In the United States, the remixed version of the song reached number one on the Billboard Dance/Disco Club Play chart and number three on the Billboard Hot 100. In the United Kingdom and West Germany, the song reached number two, while in Canada, it peaked at number one. The single returned to the Billboard charts in 2015, where it peaked at number 17 on the Dance/Electronic Digital Songs chart.

==Background==
Instrumentalist John Smith would try to write songs in batches of 10 and have two a week ready for rehearsals in Portland, Oregon. He bought a new Teac-3440 4-track recorder in 1983, and "I Can't Wait" was one of the first songs he recorded on it. He scribbled out the lyrics in fifteen minutes as the band was loading up gear to go to rehearse it, and his wife, singer Valerie Day, approved.

==Critical reception==
John Leland's writeup in a Spin magazine column wrote about the single, saying: "You can listen to this record as many times as you want and still not have any strong impressions that human beings actually made it. In other words, it's the perfect disco record."

==Music video==
The music video was directed by Jim Blashfield. It contains animations and has a hint of the very surreal. The plot has Valerie Day singing the song sitting at a desk, repairing a coffeepot, while tools and other oddities pass into the frame and out again.
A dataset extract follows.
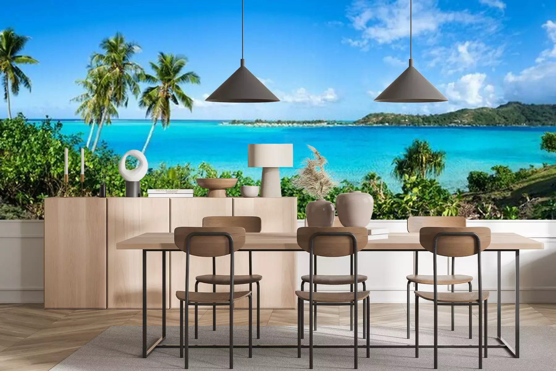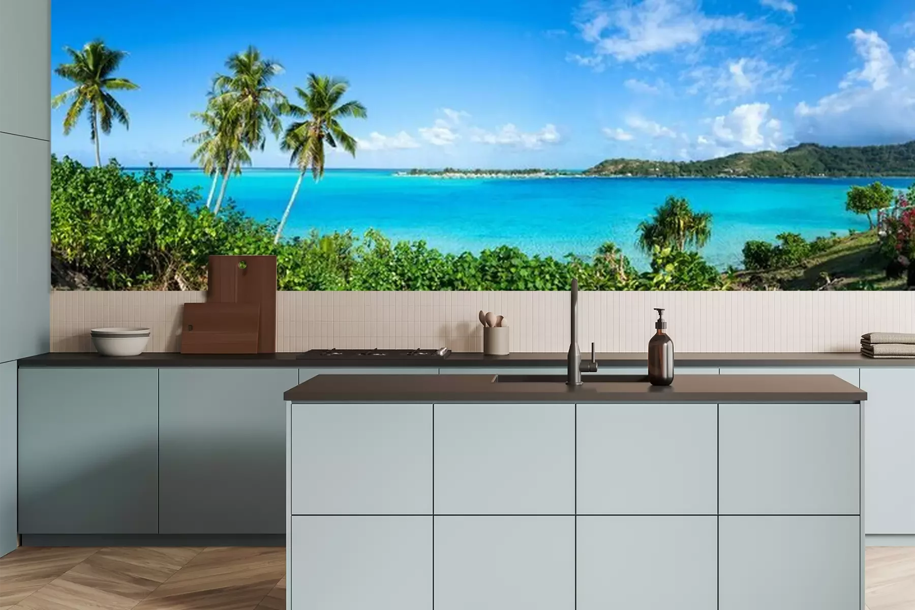 Strand Panorama mit Meer und PalmenProblemlose Lieferung durch vertrauenswürdige Spediteure

Her dog sits nearby, wearing sunglasses.

==Personnel==
Personnel are taken from the liner notes of the Tha's Right album.
- Valerie Day – lead vocals, congas, percussion
- John Smith – guitars
- Mark Bosnian – keyboards, vocals
- Danny Schauffler – tenor saxophone
- Lewis Livermore – trumpet
- Gary Fountaine – bass guitar
- Peter K. Williams – drums
- Shannon Day, Lori Lamphear-Rosenfeld – backing vocals
- Nate Phillips – Moog bass

==Charts==

===Weekly charts===

| Chart (1986) | Peak position |
|---|---|
| Australia (Kent Music Report) | 11 |
| Austria (Ö3 Austria Top 40) | 16 |
| Belgium (Ultratop 50 Flanders) | 9 |
| Canada Retail Singles (The Record) | 2 |
| Canada Top Singles (RPM) | 1 |
| Europe (European Hot 100 Singles) | 6 |
| France (SNEP) | 24 |
| Ireland (IRMA) | 10 |
| Netherlands (Dutch Top 40) | 11 |
| Netherlands (Single Top 100) | 9 |
| New Zealand (Recorded Music NZ) | 3 |
| Switzerland (Schweizer Hitparade) | 4 |
| UK Singles (Official Charts) | 2 |
| US Billboard Hot 100 | 3 |
| US 12-inch Singles Sales (Billboard) | 2 |
| US Adult Contemporary (Billboard) | 38 |
| US Dance/Disco Club Play (Billboard) | 1 |
| US Hot Black Singles (Billboard) | 2 |
| West Germany (GfK) | 2 |

===Year-end charts===

| Chart (1986) | Rank |
|---|---|
| Australia (Kent Music Report) | 66 |
| Canada Top Singles (RPM) | 9 |
| Europe (European Hot 100 Singles) | 29 |
| Netherlands (Dutch Top 40) | 95 |
| New Zealand (RIANZ) | 17 |
| UK Singles (OCC) | 38 |
| US Billboard Hot 100 | 26 |
| West Germany (Media Control) | 23 |

==Certifications==

| Region | Certification | Certified units/sales |
| Canada (Music Canada) | Gold | 50,000^{^} |
| United Kingdom (BPI) | Silver | 250,000^{^} |
| United States (RIAA) | Gold | 500,000^{^} |
^{^} Shipments figures based on certification alone.

==Cover version and samples==
- The song was covered in 2002 by the UK garage girl group Ladies First. It was a UK top 20 hit, reaching number 19.
- The song was sampled by American singer Vanessa Williams for her 1997 song "Happiness".
- The song was sampled by American rapper Mann for his 2010 song "Buzzin".
- French DJ and producer Bob Sinclar remixed the song in 2026, featuring vocals from Canadian singer Kiesza. It came out 40 years after the original, with a tempo increasing to 126 BPM.